To avoid being overly wordy here, I’ll allow the visualization to speak for itself and leave the reader to explore the remaining trends as they please.

Black’s second move

If you’re familiar with chess, you know how quickly the set of possible moves grows with each move a player makes. After White and Black’s first turn, the board will be in one of 400 unique positions. After their second turn, there are 197,742 possible positions. And after only 3 turns, 121 million possible positions. This means that if you play enough chess, it’s highly likely that you will play a game that no one has ever played in the history of our universe. You can only imagine how difficult it would be to visualize all possible chess moves even up to the third turn.

Despite the infinite possibility in chess, there appears to be a strong bias toward a small subset of openings.
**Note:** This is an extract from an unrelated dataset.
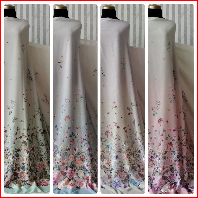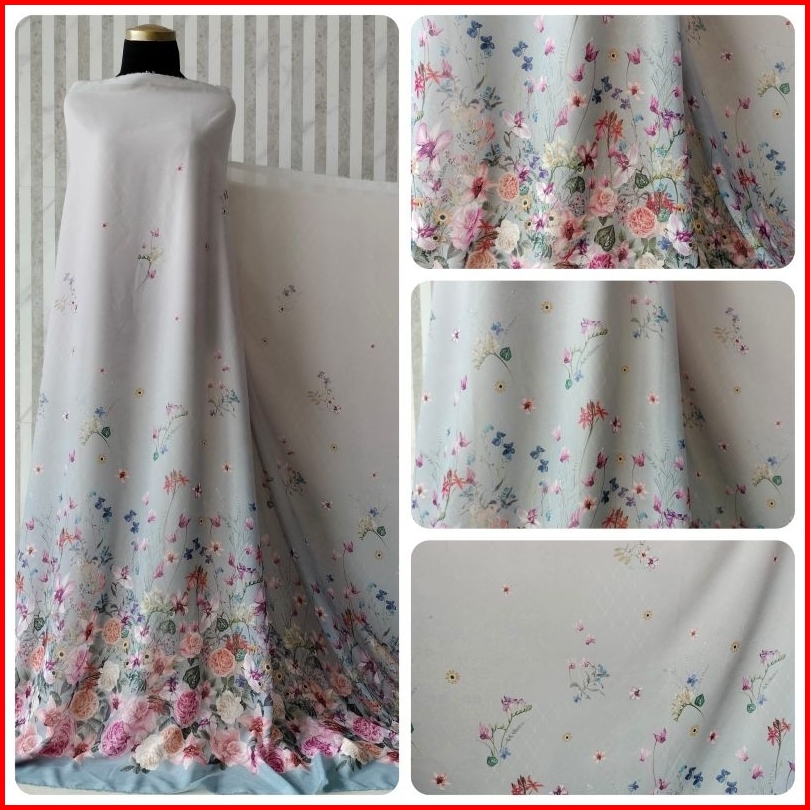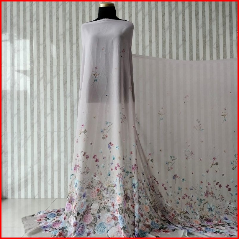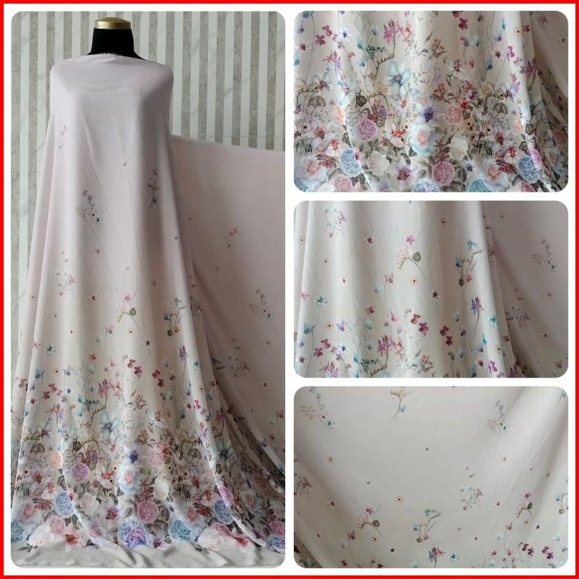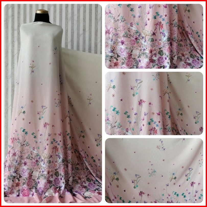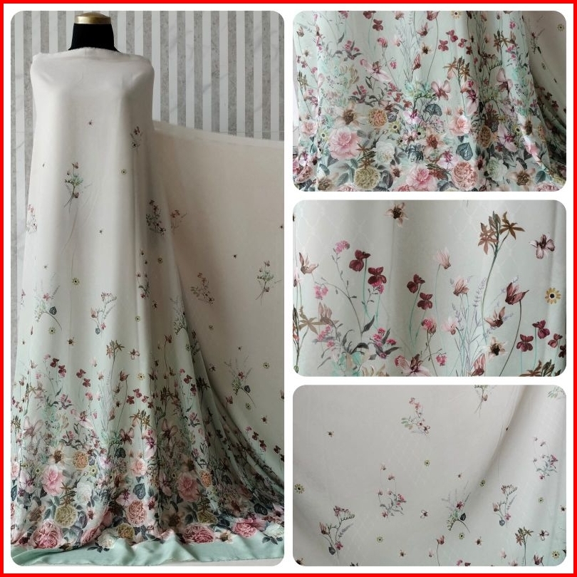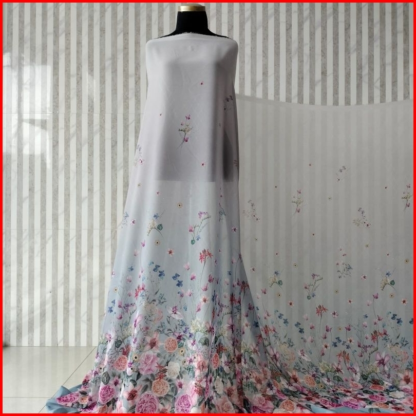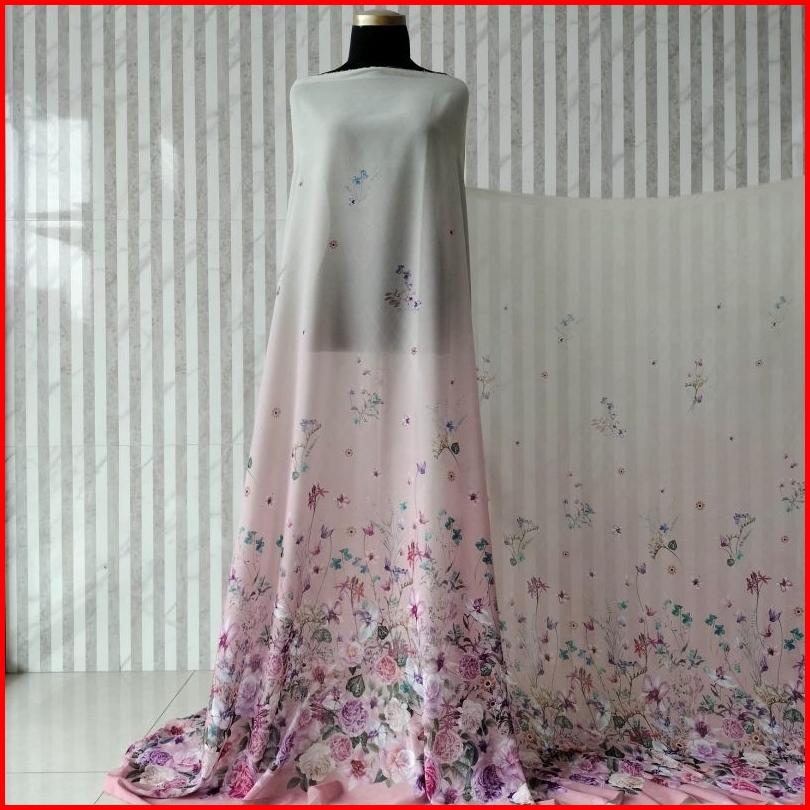 Kain Meteran Bahan Cherry Sifon Silk Premium Motif Floral Wisteria Super Lembut Halus

In this data set, there were roughly 4,000 unique openings, and the 30 most popular ones comprise 70% of all chess games. Below is a visualization of the distribution of those 30 most popular openings from 1850-2014.

(Have any thoughts on a better way to visualize this data? Please leave them in the comments! I’ve already reached the limit of what area charts can effectively visualize by Black’s second move.)

Interestingly, chess appears to be becoming more diverse over time. Whereas there were less than 100 unique openings by the end of both player’s second turn in 1850, there were over 1,000 unique openings by 2014. This may be an artifact of the data set, however, because there are far more games recorded in the 21st century in this data set.

That’s it for today. In the next installment, I’ll be looking at more higher-level features of player strategy over time.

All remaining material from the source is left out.